Opinion
18-CV-361 JLS (DEB)
01-05-2023
ORDER DENYING PLAINTIFF'S REQUEST FOR JUDGE TO RECUSE HERSELF FROM HIS CASE (ECF NO. 265)
Hon. Janis L. Sammartino United States District Judge
Presently before the Court is Plaintiff Mychal Andra Reed's (“Plaintiff” or “Reed”) “Request for Judge to Recuse Herself from his Case” (“Mot.,” ECF No. 265). Having carefully considered Plaintiff's Motion and the law, the Court DENIES the Motion for the reasons that follow.
BACKGROUND
The factual and procedural background of this matter are familiar to the Parties, and accordingly the Court recites here only those facts relevant to the instant Motion.
Plaintiff is a deaf inmate housed at California Correctional Institution. See generally Mot. Ex.
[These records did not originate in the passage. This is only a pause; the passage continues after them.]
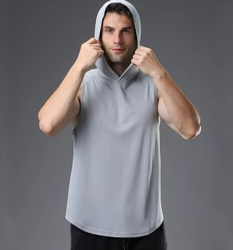 Stylish hoodie tank top designed to provide comfort during daily activities and workouts. Made from high-quality materials, it comes in various colors to suit different tastes. It features a modern and sleek design with a hood, offering a sporty look and warmth during cooler weather. Suitable for everyday use or workout sessions.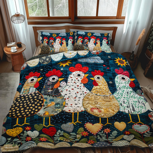 Nighttime Hens 3-Piece Quilted Bedding Set NCU0TH888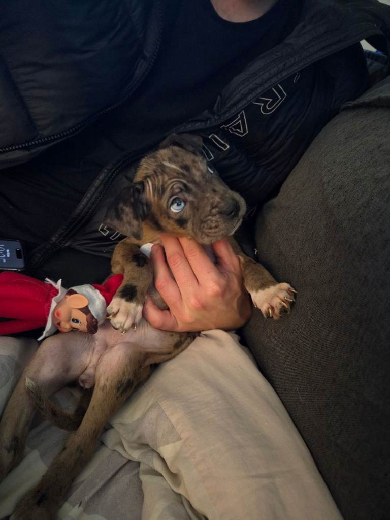 Has one blue and one brown eye. Has been handled by adults and children from 1 week old, loves a good run about but also love curling up on your knee and cuddling in. Ready to leave Now.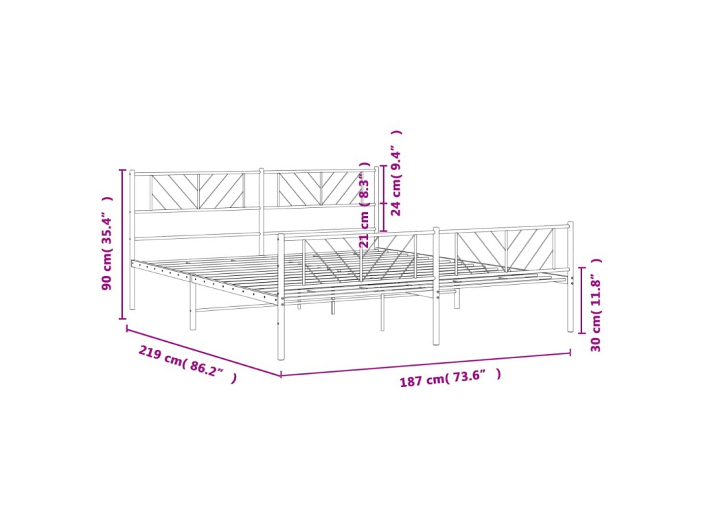 Kovový rám postele s hlavovým a nožním čelem bílý 183 x 213 cm 372251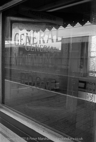 Stepney East Station, Tower Hamlets. 1982 32a-13: station, railway, waiting room, window, glass, etching
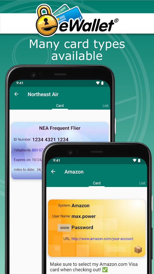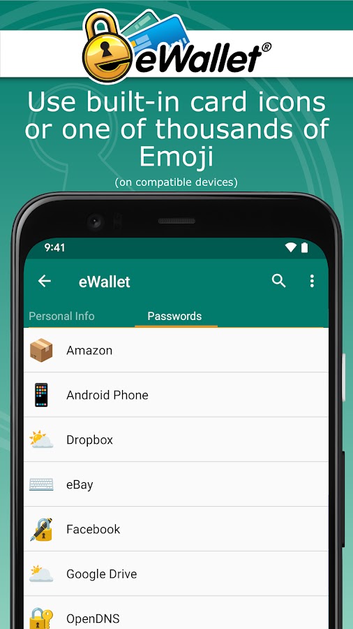 Заблокируйте свои пароли, номера кредитных карт и банковских счетов с помощью шифрования военного уровня и носите их с собой куда угодно, установив самое сложное и простое в использовании приложение-менеджер паролей на свой смартфон и планшет Android. Оставайтесь в безопасности, оставайтесь сильными, оставайтесь умными и организованными с помощью мощного приложения для смартфонов и планшетов eWallet®.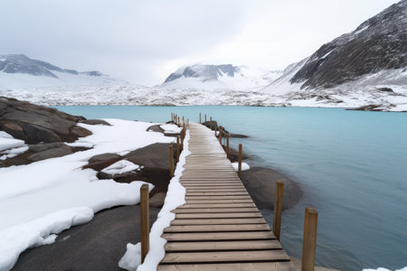 freezing fiord with boardwalk and wooden steps leading down to glacial lagoon, created with generative ai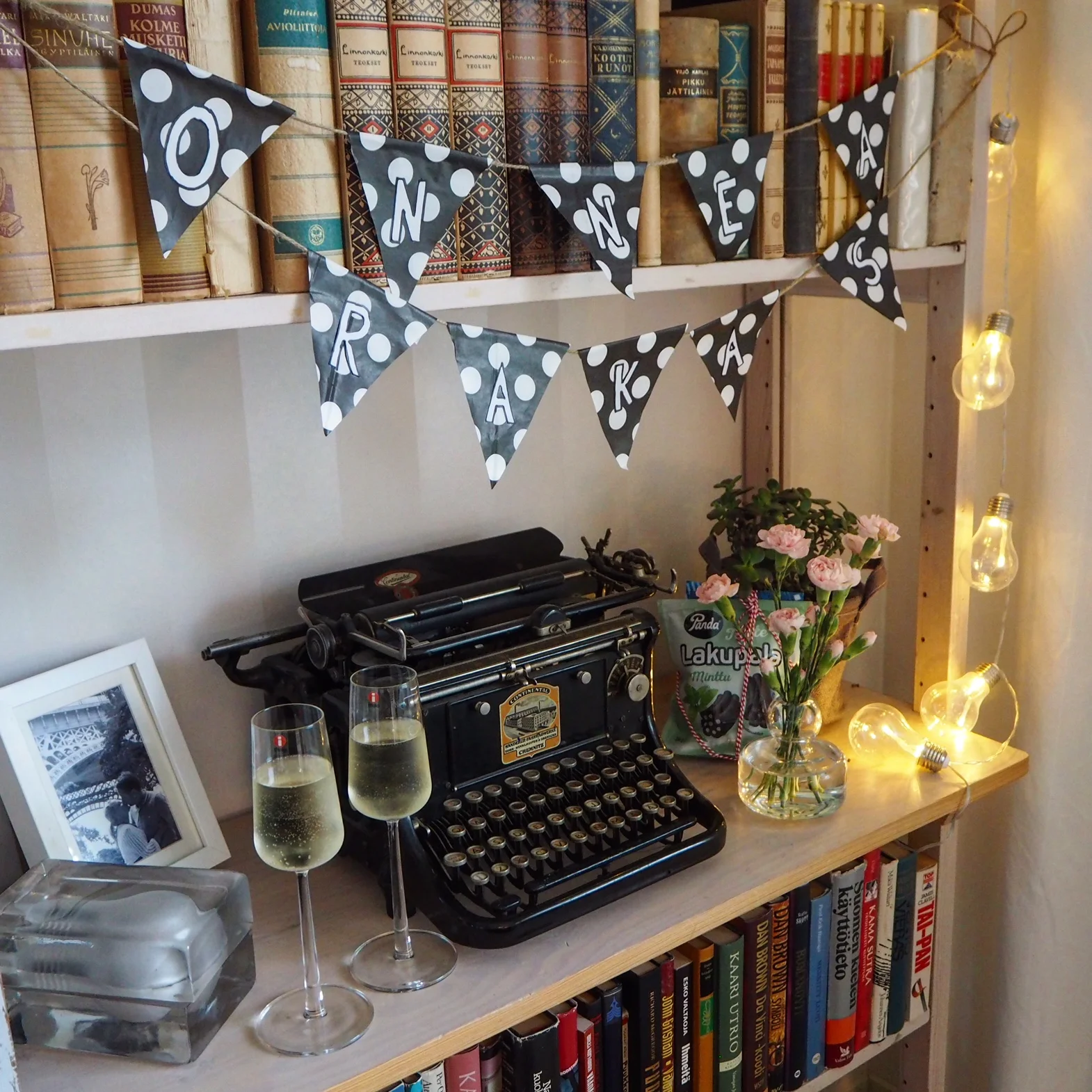 Oikea päivänsä osui viikolle. Ajattelin silti, että juhlistamme. Askartelin itse hienon viirinkin. Ostin synttärilahjaksi lakuja ( likoilta :-D) ja varsinaisen lahjan annoin kirjekuoressa. Herra Ässä saa tilata sellaiset Applen kuulokkeet jotka tahtoo. Laskun saa laittaa hän minulle. Pullistutin myös matkakukkaroa, osana lahja-asioita.
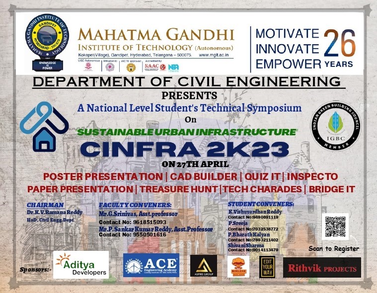 CINFRA is a National Level Technical Symposium being organized by our illustrious institution, MGIT, annually since 2013. The symposium became a trade mark of knowledge; parallel to this, it enhanced the reputation of department. It became a stage to a common student to let his voice heard to many, paying a way for creating awareness regarding the emerging Civil Engineering trends across the world. The enthusiasts of many colleges participate and witness the symposium that includes many thought provoking events apart from a general symposium.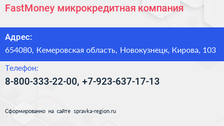FastMoney, микрокредитная компания по адресу 654080, Кемеровская область, Новокузнецк, Кирова, 103 в дальнейшем Организация, размещена в следующих категориях:

B. On May 27, 2022, after significant motion practice over a period of four years, the Court concluded that one portion of one of Plaintiff's First Amendment retaliation claims against Defendant E. Zendejas survived summary judgment. See generally ECF No. 249. The Court granted Plaintiff an opportunity to move for Court-appointed counsel and set a deadline for the Parties to meet and confer concerning pretrial dates. See id. at 28.
Instead, Plaintiff moved for reconsideration of the Court's May 27, 2022 Order. See ECF No. 252. The Court continued the Parties' meet-and-confer deadline, see ECF No. 253, and ultimately denied Plaintiff's reconsideration request, see ECF No. 255. The Court set new deadlines for Plaintiff to move to appoint counsel and for the Parties to meet and confer. See id. at 5. Plaintiff moved to appoint counsel, see ECF No. 256, but shortly thereafter withdrew his request, see ECF No. 259. The Court “strongly encourage[d] Plaintiff to take advantage of the resource of Court-appointed pro bono counsel,” but also “[wa]s mindful that it is Plaintiff's prerogative to continue to represent himself if that is his preference.” ECF No. 261 at 1. Accordingly, the Court granted Plaintiff's request to remain pro se. See id. at 1-2.
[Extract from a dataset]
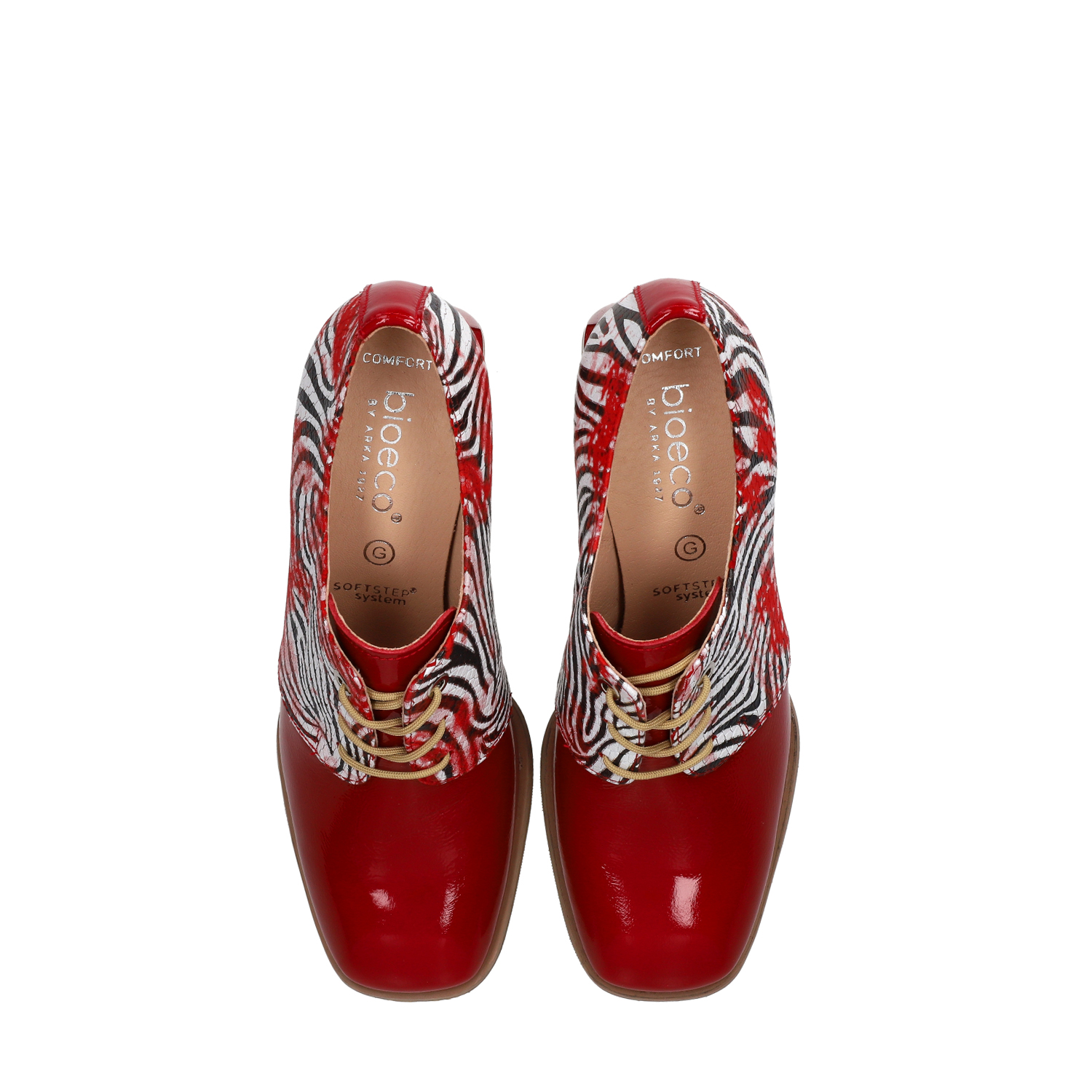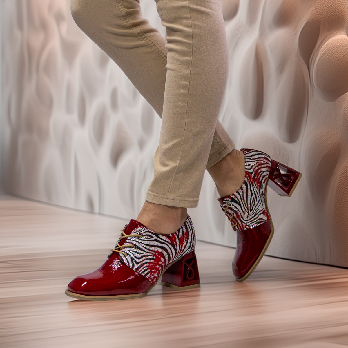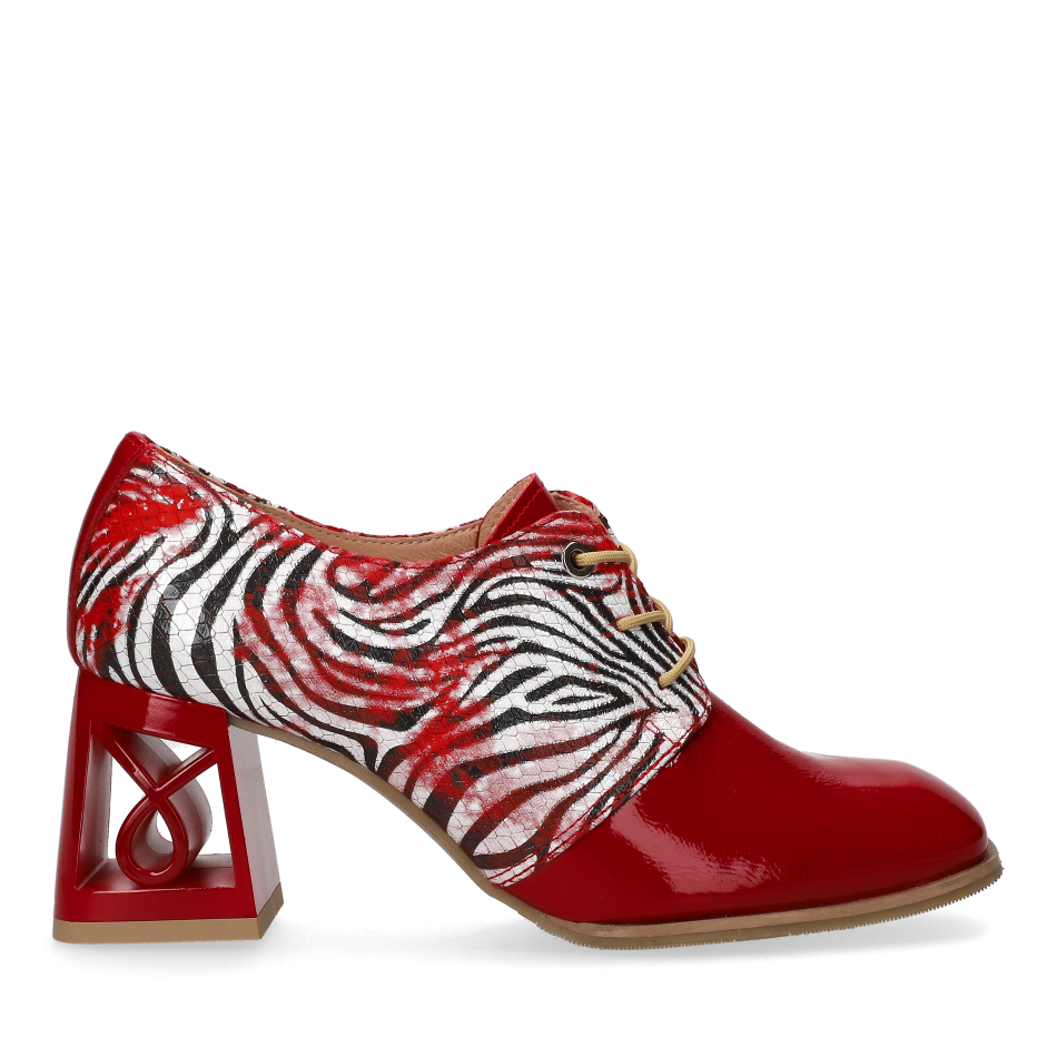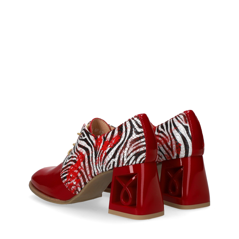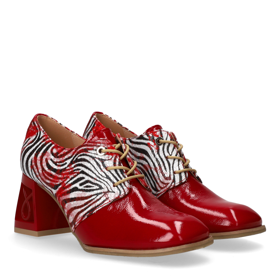 These stylish red lace-up shoes are crafted from a combination of patent leather and natural printed leather. The perforated leather insole and Soft Step system ensure exceptional comfort. A 7 cm block heel adds both elegance and stability.

Plaintiff's motion additionally sought a transfer to the Eastern District of California and a further extension of the meet-and-confer deadline in light of Plaintiff's participation in another civil matter. See generally ECF No. 259. The Court granted the extension request and set a new deadline of October 28, 2022, see ECF No. 261 at 2, but denied without prejudice the motion to transfer given that Plaintiff failed to demonstrate either that the case might have been brought in the Eastern District or that Defendant E. Zendejas consented to the transfer, see id.
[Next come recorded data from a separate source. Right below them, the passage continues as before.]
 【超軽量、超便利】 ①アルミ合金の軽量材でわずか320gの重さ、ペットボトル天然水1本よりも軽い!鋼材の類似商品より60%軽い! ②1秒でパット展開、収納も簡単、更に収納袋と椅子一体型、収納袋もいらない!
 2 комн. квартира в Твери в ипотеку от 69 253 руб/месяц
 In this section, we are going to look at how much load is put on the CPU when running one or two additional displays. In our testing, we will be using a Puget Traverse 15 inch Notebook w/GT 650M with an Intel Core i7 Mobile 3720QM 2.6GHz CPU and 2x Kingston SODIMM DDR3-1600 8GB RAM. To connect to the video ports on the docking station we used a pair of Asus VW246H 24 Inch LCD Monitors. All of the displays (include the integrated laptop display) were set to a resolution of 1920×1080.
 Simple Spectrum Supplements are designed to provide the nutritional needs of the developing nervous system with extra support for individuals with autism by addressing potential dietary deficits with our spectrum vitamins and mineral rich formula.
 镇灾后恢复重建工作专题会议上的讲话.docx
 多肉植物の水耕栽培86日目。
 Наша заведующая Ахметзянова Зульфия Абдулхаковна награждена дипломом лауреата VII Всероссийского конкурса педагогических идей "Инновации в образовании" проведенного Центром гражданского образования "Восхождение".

On October 28, 2022, the deadline for the Parties to submit pretrial dates, Plaintiff filed a motion to stay. See ECF No. 263. Plaintiff “request[ed] an indefinite delay in his case” due to “being severely injured on 9/15/22.” Id. at 1. Plaintiff claimed to be physically, mentally, and emotionally incapable of litigating the case, but provided the Court with no details about his injury in his two-page filing. See generally id. Accordingly, the Court denied the request without prejudice and set a new deadline of December 1, 2022, for the Parties to submit proposed pretrial dates. See generally ECF No. 264. The instant Motion followed. See Mot.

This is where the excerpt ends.